6. Decoy protein– Some soluble proteins act as false receptor. They bind pathogen and prevent their attachment with host tissue.
   • Uromodulin– Tamm-Horsfall protein (THP) or uromodulin is present in urine. It binds fimbriae of uropathogenic bacteria like Escherichia coli. Then bacteria are trapped and removed during urination.
7. Bile acid– Bile acids are secreted by liver into small intestine. They act like natural antiseptic surfactant. It disrupts lipid bilayer of microbial membrane.
8. Pulmonary collectin– These barriers protect alveolar space of lungs.
   • SP-A and SP-D– Surfactant protein A (SP-A) and surfactant protein D (SP-D) bind carbohydrate on respiratory pathogen. It causes agglutination of bacteria or virus.

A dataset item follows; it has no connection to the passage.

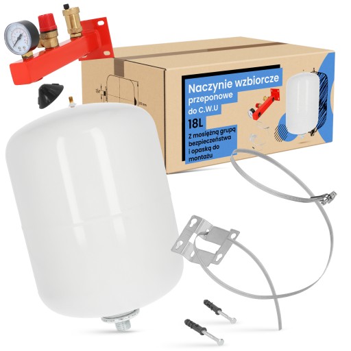 Naczynie wzbiorcze przeponowe do C.W.U. 18L z mosiężną grupą bezpieczeństwa 6 bar i opaską do montażu

Then alveolar macrophages remove them easily.
9. Soluble recognition protein– Some proteins present in blood and mucosal fluid detect microbial molecules.
   • CRP– C-reactive protein (CRP) binds foreign microbial surface and helps in opsonization.
   • Fibrinogen– Fibrinogen helps in trapping and marking microbes during infection.
   • LBP– Lipopolysaccharide-binding protein (LBP) binds bacterial lipopolysaccharide (LPS) and helps in immune recognition.
10. Intracellular sensor– Barrier cells contain internal defense sensors. They detect microbial DNA or RNA inside the cell.
    • TLRs– Toll-like receptors (TLRs) recognize microbial pattern and start immune signaling.
    • STING pathway– STING pathway detects foreign DNA inside cell. It helps in production of antiviral interferons.
    • Inflammasome– Inflammasomes detect danger signal and produce inflammatory response. It may also cause pyroptosis, where infected cell dies and pathogen niche is removed.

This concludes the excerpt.